* To do
Please reproduce all the data exactly as written and omit the pictures.

* Recorded information
□ □ □ □ □

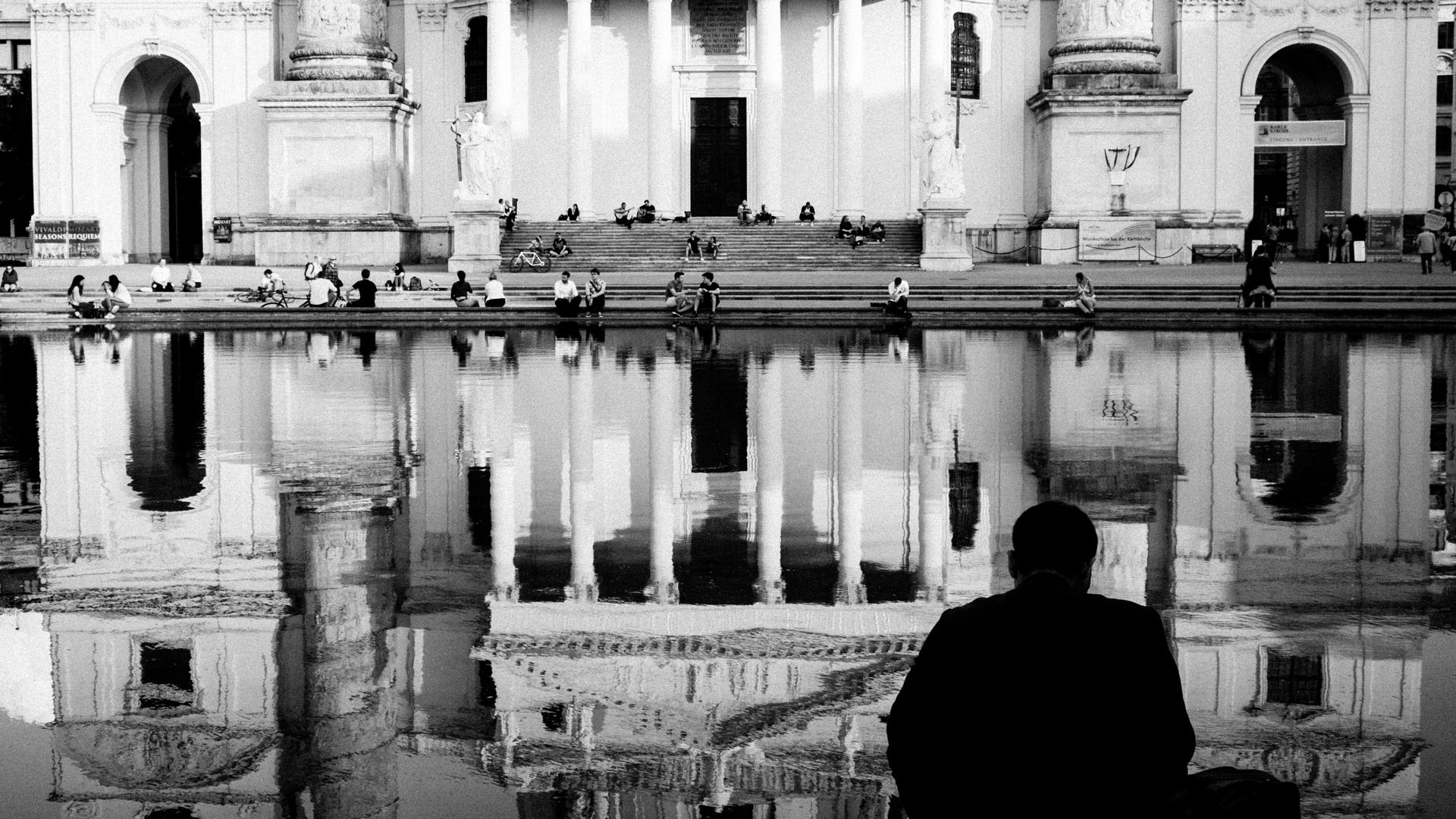 Nach einem langen Tag in Wien, freut man sich, wenn man sich am späten nachmittag einfach mal wo hinsetzen kann. Wie hier, mit Blick auf die Karlskirche unweit der TU. Nach den unzähligen Kilometern zu Fuss, den diversen Espressi (ich war mit Italienern unterwegs) und dem ausgezeichnetem Essen (ich war mit Italienern unterwegs) im Neni am Naschmarkt war ich ganz froh mal ein bisschen zu verweilen. Die Stadt ist so beeindruckend, an jeder Ecke kommt wieder etwas neues, architektonisch schönes, was man entdecken kann, dass ich gar nicht viel fotografiert habe. Erst am Ende des Tages habe ich die Kamere raus geholt, dem Treiben am Karlsplatz zugeschaut und ein paar Eindrücke wie diesen hier festgehalten.
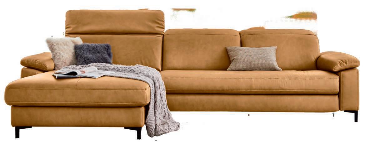 Interliving Sofa Serie 4054, Bezug Leder Longlife Vivre kurkuma, Metallfuß schwarz, best. aus: XL-Canapé mit Armlehne links und 3-Sitzer mit Armlehne rechts, Rücken Spannstoff, inklusive manueller Kopfteilverstellung an allen Elementen. Stellmaß ca. 176x347 cm. Ohne Zierkissen und Decke. M907914 208 253 6119
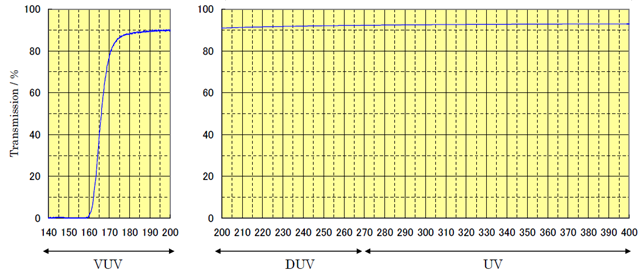 We make gratings for the entire transmission range of fused silica, which starts below 200 nm and goes beyond 2000 nm. The plot below show the UV applicability of UV grade fused silica material (and thus UV fused silica transmission gratings) – here shown as the external transmission (i.e. there is approx. 8% surface Fresnel reflection loss) of a 6.35 mm thick substrate.
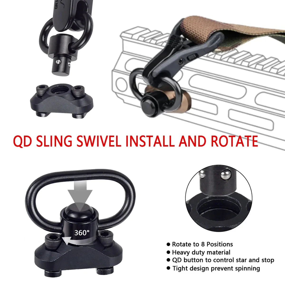 Sling Swivel se puede girar 90 grados y detenerse soltando el botón QD para controlar la posición.Los diseños antirotación evitan que los giratorios giren.

□ □ □ □ □

* Result for this exercise
 Nach einem langen Tag in Wien, freut man sich, wenn man sich am späten nachmittag einfach mal wo hinsetzen kann. Wie hier, mit Blick auf die Karlskirche unweit der TU. Nach den unzähligen Kilometern zu Fuss, den diversen Espressi (ich war mit Italienern unterwegs) und dem ausgezeichnetem Essen (ich war mit Italienern unterwegs) im Neni am Naschmarkt war ich ganz froh mal ein bisschen zu verweilen. Die Stadt ist so beeindruckend, an jeder Ecke kommt wieder etwas neues, architektonisch schönes, was man entdecken kann, dass ich gar nicht viel fotografiert habe. Erst am Ende des Tages habe ich die Kamere raus geholt, dem Treiben am Karlsplatz zugeschaut und ein paar Eindrücke wie diesen hier festgehalten.
 Interliving Sofa Serie 4054, Bezug Leder Longlife Vivre kurkuma, Metallfuß schwarz, best. aus: XL-Canapé mit Armlehne links und 3-Sitzer mit Armlehne rechts, Rücken Spannstoff, inklusive manueller Kopfteilverstellung an allen Elementen. Stellmaß ca. 176x347 cm. Ohne Zierkissen und Decke. M907914 208 253 6119
 We make gratings for the entire transmission range of fused silica, which starts below 200 nm and goes beyond 2000 nm. The plot below show the UV applicability of UV grade fused silica material (and thus UV fused silica transmission gratings) – here shown as the external transmission (i.e. there is approx. 8% surface Fresnel reflection loss) of a 6.35 mm thick substrate.
 Sling Swivel se puede girar 90 grados y detenerse soltando el botón QD para controlar la posición.Los diseños antirotación evitan que los giratorios giren.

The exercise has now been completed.